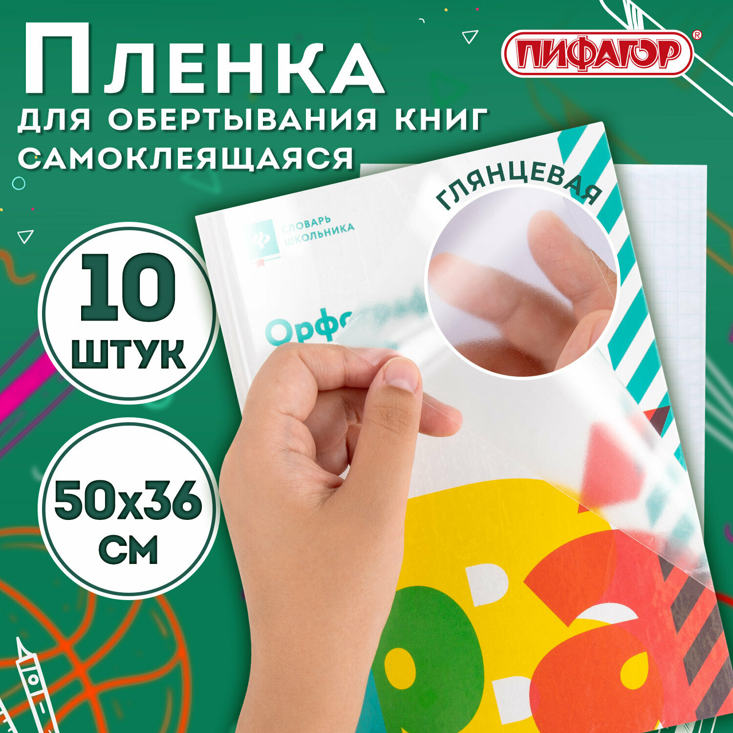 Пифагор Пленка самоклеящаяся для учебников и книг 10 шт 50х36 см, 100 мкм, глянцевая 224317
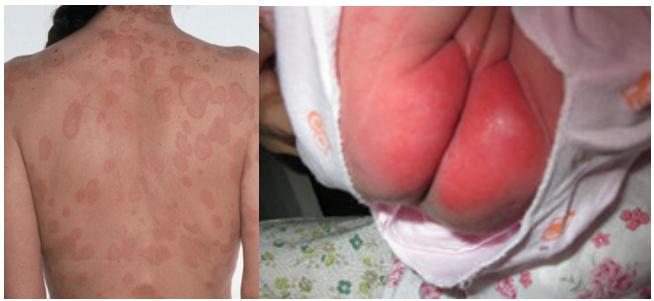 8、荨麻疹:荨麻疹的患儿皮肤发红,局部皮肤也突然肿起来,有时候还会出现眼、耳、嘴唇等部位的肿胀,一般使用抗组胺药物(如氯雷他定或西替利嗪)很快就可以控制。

---

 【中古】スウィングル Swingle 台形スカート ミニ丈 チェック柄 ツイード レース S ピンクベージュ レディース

## Work instruction
Reproduce the records above exactly, but only from the line with "Пифагор Пленка самоклеящаяся" up to and including the line with "8、荨麻疹:荨麻疹的患儿皮肤". Leave the pictures out.

## Response
 Пифагор Пленка самоклеящаяся для учебников и книг 10 шт 50х36 см, 100 мкм, глянцевая 224317
 8、荨麻疹:荨麻疹的患儿皮肤发红,局部皮肤也突然肿起来,有时候还会出现眼、耳、嘴唇等部位的肿胀,一般使用抗组胺药物(如氯雷他定或西替利嗪)很快就可以控制。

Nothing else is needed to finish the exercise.